Task brief: Print the lines below from the line with "丸付けして間違ってるとこに" to the line with "[에코너] R4 4in1 멀티 전동 제모기 (헤드4종/빗살캡3종)" exactly, keeping both ends, and print no pictures.

* * * * *

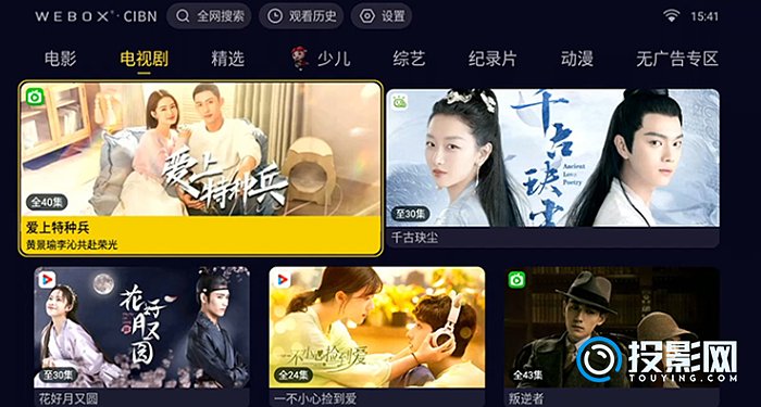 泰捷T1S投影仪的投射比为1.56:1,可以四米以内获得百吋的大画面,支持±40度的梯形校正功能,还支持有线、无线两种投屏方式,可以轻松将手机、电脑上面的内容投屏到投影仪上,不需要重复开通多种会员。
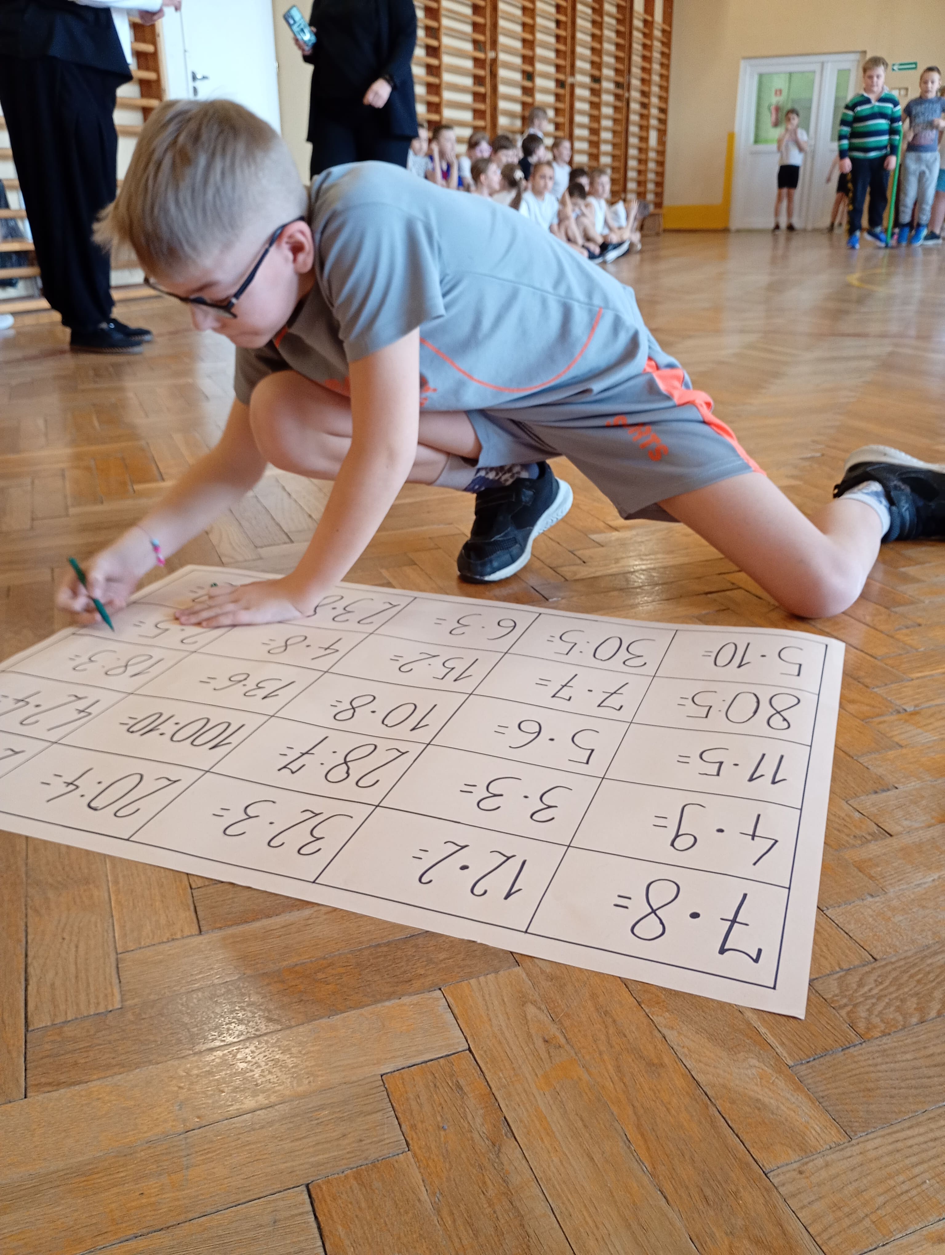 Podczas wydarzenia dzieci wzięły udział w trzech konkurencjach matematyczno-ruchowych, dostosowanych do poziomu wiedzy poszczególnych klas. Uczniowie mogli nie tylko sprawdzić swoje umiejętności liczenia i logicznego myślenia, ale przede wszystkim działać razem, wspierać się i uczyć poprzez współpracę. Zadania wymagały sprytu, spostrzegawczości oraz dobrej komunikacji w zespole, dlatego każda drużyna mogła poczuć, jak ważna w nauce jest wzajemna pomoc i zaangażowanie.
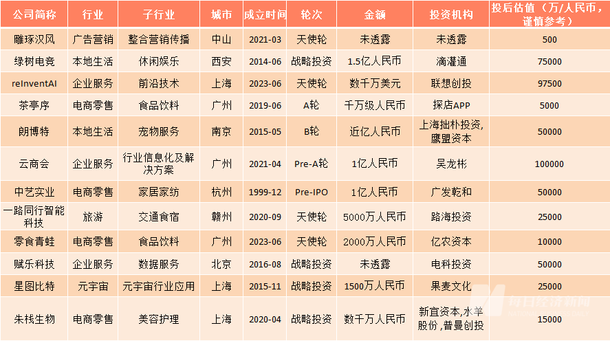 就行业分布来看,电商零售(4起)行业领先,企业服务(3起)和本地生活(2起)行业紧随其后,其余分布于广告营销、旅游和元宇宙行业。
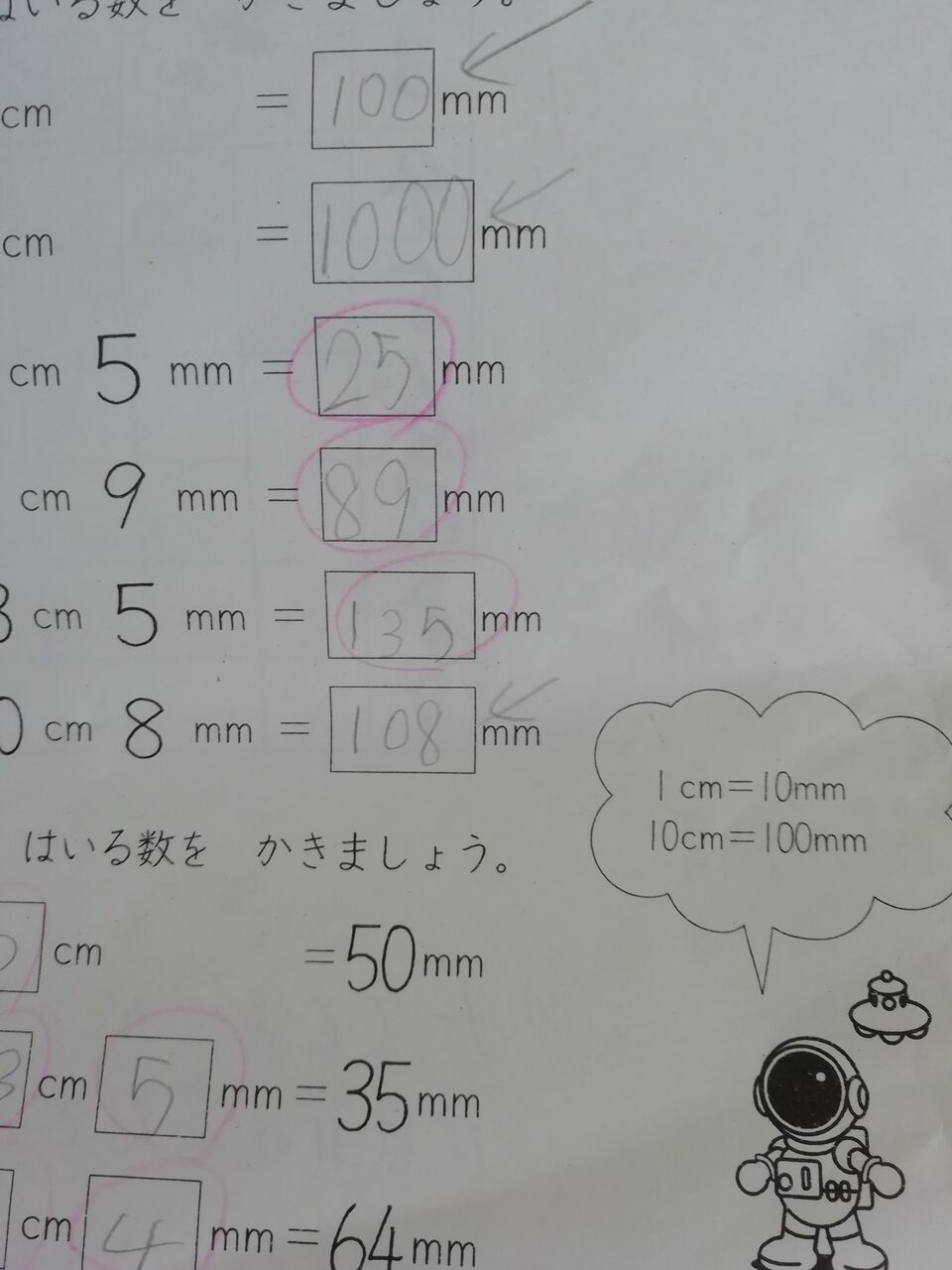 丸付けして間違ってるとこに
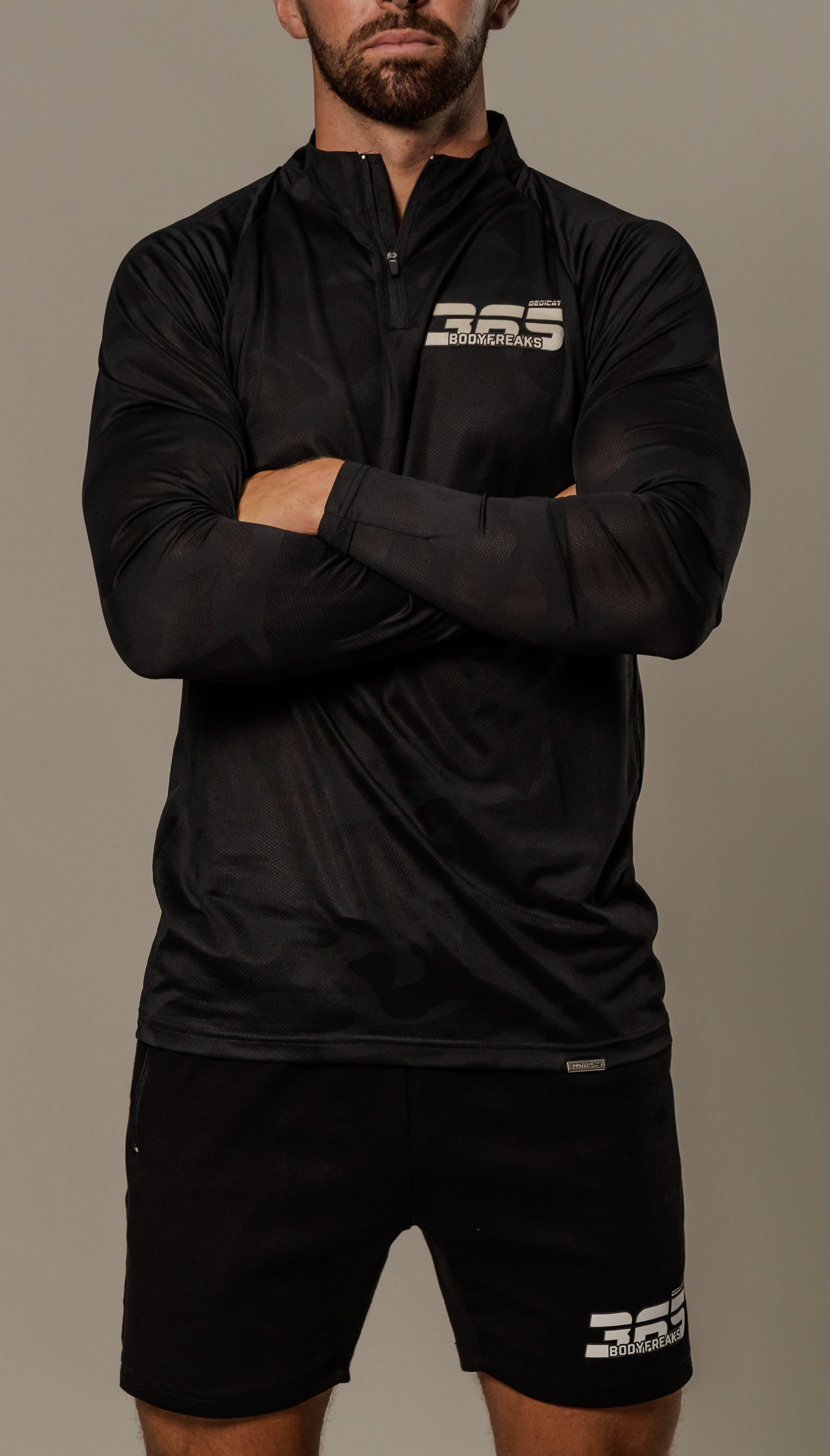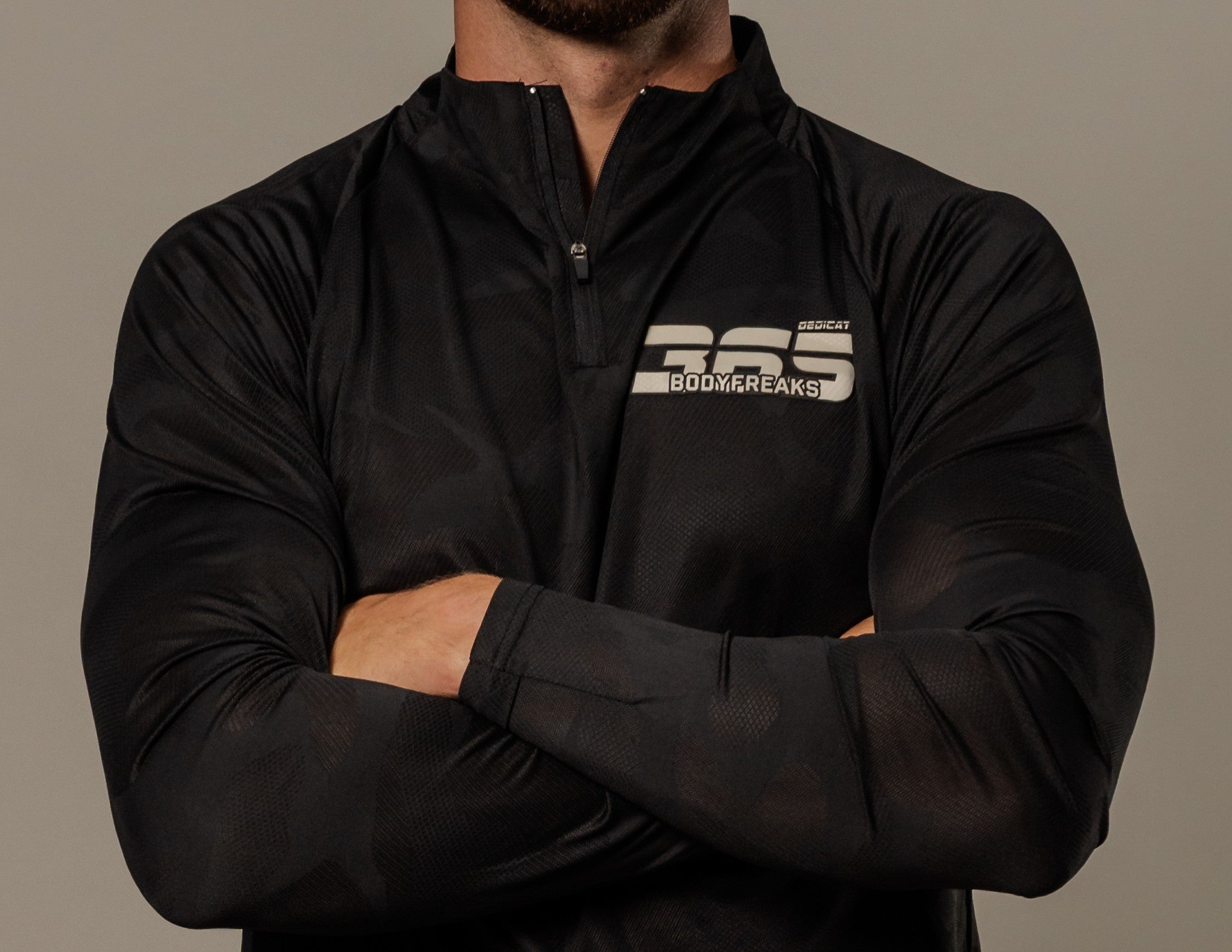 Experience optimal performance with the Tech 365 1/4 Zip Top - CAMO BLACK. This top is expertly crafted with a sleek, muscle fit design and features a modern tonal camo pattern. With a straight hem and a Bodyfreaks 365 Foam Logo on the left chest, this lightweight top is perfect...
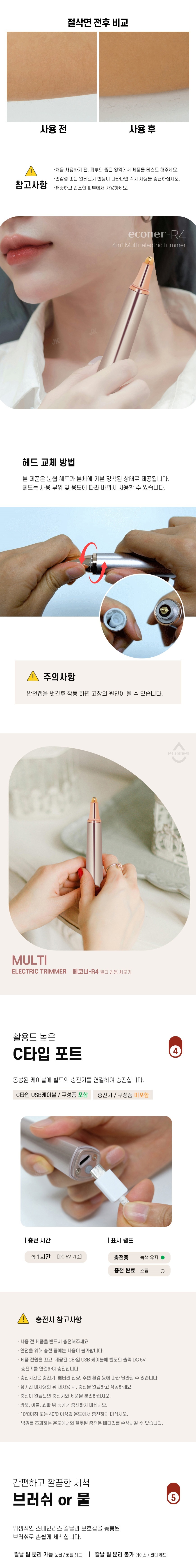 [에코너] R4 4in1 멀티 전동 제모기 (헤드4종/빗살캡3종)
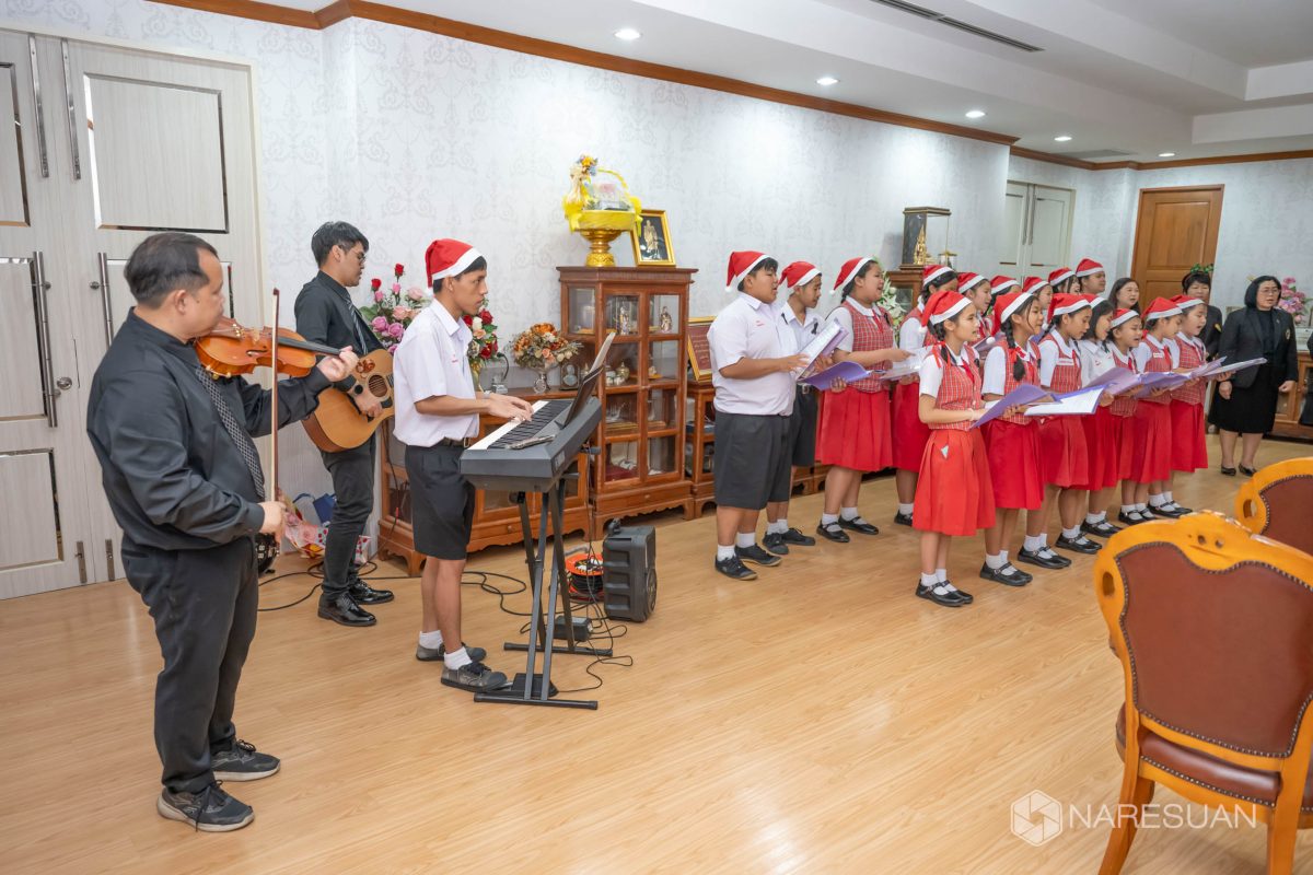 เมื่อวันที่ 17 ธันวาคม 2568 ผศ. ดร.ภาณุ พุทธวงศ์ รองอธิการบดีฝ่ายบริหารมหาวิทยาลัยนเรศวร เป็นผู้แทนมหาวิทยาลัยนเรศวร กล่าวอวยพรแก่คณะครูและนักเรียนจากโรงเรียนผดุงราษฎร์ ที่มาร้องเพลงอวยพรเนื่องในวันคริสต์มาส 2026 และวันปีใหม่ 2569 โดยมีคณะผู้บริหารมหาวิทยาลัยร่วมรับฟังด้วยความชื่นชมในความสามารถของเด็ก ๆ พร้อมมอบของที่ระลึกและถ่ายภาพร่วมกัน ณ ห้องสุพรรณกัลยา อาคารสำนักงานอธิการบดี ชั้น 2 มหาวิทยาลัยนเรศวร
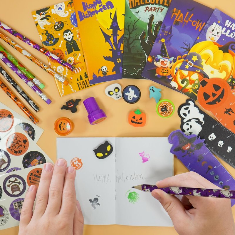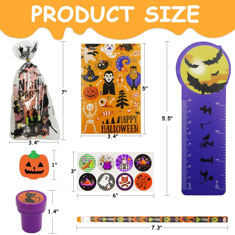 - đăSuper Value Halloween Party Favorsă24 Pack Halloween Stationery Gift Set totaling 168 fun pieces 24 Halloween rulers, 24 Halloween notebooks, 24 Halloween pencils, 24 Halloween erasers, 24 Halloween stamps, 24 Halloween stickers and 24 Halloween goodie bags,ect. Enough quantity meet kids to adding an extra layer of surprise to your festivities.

* * * * *

Solution to this problem:
 丸付けして間違ってるとこに
 Experience optimal performance with the Tech 365 1/4 Zip Top - CAMO BLACK. This top is expertly crafted with a sleek, muscle fit design and features a modern tonal camo pattern. With a straight hem and a Bodyfreaks 365 Foam Logo on the left chest, this lightweight top is perfect...
 [에코너] R4 4in1 멀티 전동 제모기 (헤드4종/빗살캡3종)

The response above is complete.